One such farmer, Mulubrhan, lives in the highland village of Hanging Mule, named after an errant beast who hanged itself on its own bridle after falling from a narrow path. He shows off his eucalyptus farm; his dormitory, which he rents out to students for under $4 a month; and a mud-hut that operates as a granary (he owns it with a partner).
In 1985 during the famine, the communist Derg military government shelled his house, leaving him destitute. He said that after years of poverty, making ends meet by small trading, the social safety net gave him a foundation on which to build.
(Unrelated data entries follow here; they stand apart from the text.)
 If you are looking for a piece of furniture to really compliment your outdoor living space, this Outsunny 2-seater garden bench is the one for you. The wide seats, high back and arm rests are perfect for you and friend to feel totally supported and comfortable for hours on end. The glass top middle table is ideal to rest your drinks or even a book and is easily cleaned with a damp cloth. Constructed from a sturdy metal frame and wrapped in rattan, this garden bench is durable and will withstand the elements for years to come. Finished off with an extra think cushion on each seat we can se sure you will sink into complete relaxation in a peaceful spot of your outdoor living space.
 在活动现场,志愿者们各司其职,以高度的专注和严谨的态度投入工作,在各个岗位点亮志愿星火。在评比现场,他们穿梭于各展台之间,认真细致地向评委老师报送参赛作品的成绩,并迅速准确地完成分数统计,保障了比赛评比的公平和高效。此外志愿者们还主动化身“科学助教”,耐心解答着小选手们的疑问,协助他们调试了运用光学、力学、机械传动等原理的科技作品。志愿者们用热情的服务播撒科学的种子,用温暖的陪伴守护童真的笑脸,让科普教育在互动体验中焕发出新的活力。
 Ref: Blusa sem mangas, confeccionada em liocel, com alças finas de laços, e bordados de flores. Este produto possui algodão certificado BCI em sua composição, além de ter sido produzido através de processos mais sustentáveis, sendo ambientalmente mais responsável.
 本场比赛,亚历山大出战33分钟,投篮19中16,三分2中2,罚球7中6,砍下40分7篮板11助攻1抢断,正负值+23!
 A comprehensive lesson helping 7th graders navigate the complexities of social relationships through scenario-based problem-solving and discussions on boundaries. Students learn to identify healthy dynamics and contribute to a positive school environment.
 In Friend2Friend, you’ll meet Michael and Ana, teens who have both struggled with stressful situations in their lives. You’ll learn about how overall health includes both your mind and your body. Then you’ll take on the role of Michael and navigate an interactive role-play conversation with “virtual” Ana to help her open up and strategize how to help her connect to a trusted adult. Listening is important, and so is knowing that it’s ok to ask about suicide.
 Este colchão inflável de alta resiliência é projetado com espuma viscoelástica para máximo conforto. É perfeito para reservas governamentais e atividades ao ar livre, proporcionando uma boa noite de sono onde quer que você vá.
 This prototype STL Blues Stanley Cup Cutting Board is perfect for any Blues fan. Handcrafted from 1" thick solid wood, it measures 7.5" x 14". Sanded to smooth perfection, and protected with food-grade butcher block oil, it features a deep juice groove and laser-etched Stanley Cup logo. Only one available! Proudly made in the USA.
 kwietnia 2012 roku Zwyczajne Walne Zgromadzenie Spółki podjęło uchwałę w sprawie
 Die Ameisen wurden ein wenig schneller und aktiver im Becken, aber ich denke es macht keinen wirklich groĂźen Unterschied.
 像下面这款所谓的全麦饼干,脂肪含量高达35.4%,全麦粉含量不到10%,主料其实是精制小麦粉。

“Before my focus was only on feeding my six children,” he said. “The PSNP helped me to focus on making money.”
Some 25 miles south of Hanging Mule is the village of Hen Tax, named after a levy the Italians placed upon its residents during Mussolini’s tentative foothold in Ethiopia in the 1930s and 1940s. On the hills between the village and a small stream lives Tsehaynesh, a single-mother of two and recipient of the PSNP, who owns 70 coffee trees that grow in moist soil and a single fat cow. Her income from the coffee and milk is topped up with PSNP funds, which she earns by working fidve days a month building terraces in which teff crops, used to make Ethiopia’s staple spongy flat-bread injera, are grown.
“It’s not very hard work,” she says, laughing at her own understatement. “I am a strong woman.”
On the surface, North Wollo appears fine but the failed harvest portends hardship ahead. The annual PSNP contingency budget has been released early to help those in need now and the government has allocated of $33m dollars for emergency relief.
The PSNP is helping to buffer poor Ethiopians against crop failure for now, but government officials say that state coffers alone will not be enough to fully protect citizens against the drought.
The first veritable step Ethiopia took on food security was in 1973, when it borrowed from emergency response systems from India and Botswana to form its Relief and Rehabilitation Commission.
The population was 31 million. Since then the country has achieved incredible feats, such as halving its poverty rate and developing a sophisticated and responsive food security system. But since 1973 the population has tripled, now hovering under 100 million and climate change has begun to bite, particularly in the north and east. The system is running to a standstill.